The Postal Employees Sons of Erin (affiliated with the American Fraternity of Sons Erin), Inc was founded on June 7, 1939. The Postal Employees Son of Erin changed their name to the Emerald Society of the New York Post Office, Inc on February 27, 1957.
The New York City Transit Authority Emerald Society comprises Subway engineers, conductors, tradespeople, and support staff founded in 1961. The first president of the organization was Gregory Perrin.
The Emerald Society of the Federal Law Enforcement Agencies (ESFLEA) was founded in New York City in 1995 by USINS Inspectors with common interests… their heritage and the desire to improve their professional agency. Rebuffed by their agency, the ESFLEA founders decided to expand the scope of their fraternal and social organization nationally by including all federal law enforcement agencies. Federal law enforcement officers such as Special Agents, Police Officers, and Customs and Border Protection officers of Irish/Gaelic descent are eligible to join.

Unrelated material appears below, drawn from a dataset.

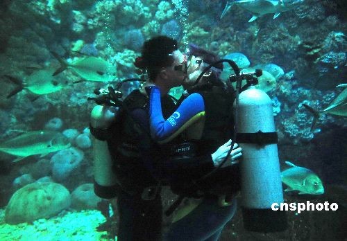 圖:青島情侶水下演繹浪漫情人節(jié)(3)
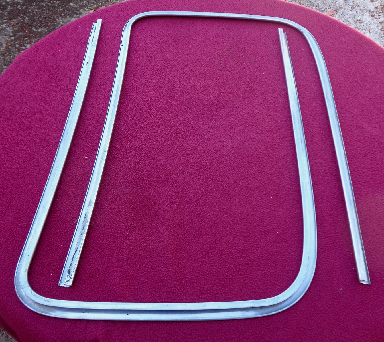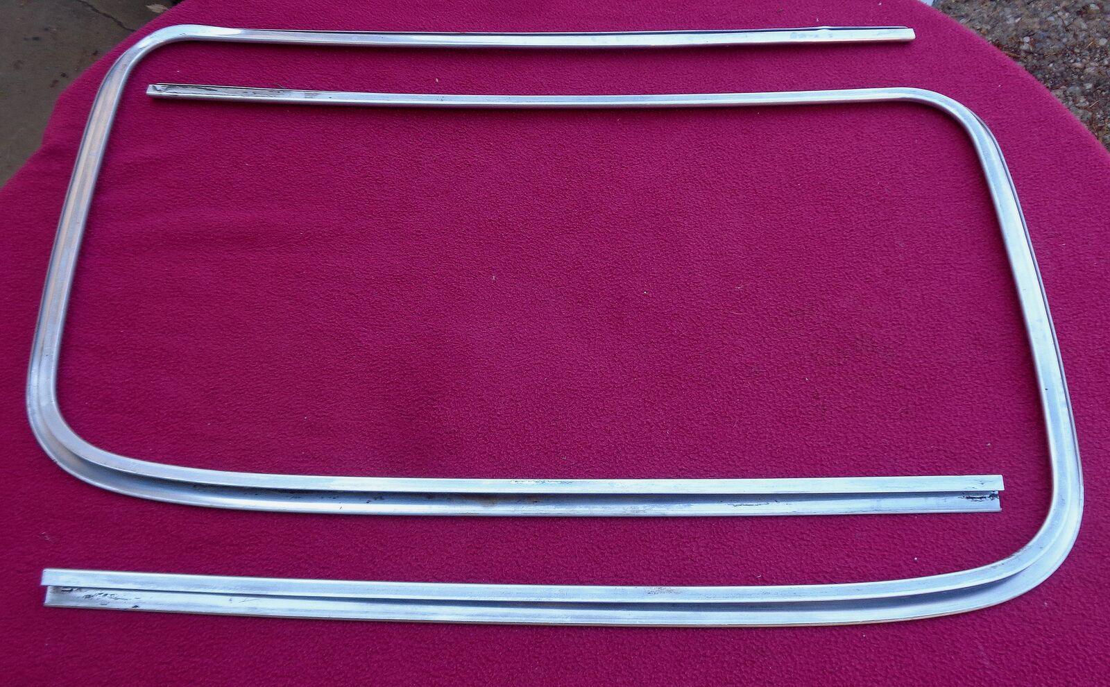 This product is a vintage Trim Windshield Molding designed for Chrysler, Plymouth, Dodge, and Mopar vehicles from 1949 to 1950. Made in the United States, this part is a genuine Chrysler product, ensuring a perfect fit for specific vehicle models from that era. The non-universal fitment reflects the authentic and specific design of this classic car part, making it a valuable and sought-after addition for collectors and restoration enthusiasts. as seen in the photos there are a couple of dings in the trim but could be easily fixed at any chrome shop.

The GCUES has over 20,000 members with 24 Affiliated Emerald Societies. The membership of our Affiliated Emerald Societies serves in front-line professions such as Law Enforcement, Fire Service, EMS, Education, Sanitation, Mass Transit, and Public Utilities.
The GCUES has affiliates in New York City, NY Counties of Nassau, Suffolk, Westchester, Rockland, Orange, Putnam, Ulster, New York-New Jersey, California (Los Angeles County), Massachusetts (Boston), and Washington D.C.
The Emerald movement has grown dramatically since the 1950s, and the GCUES, in particular, has engineered many of those organizations.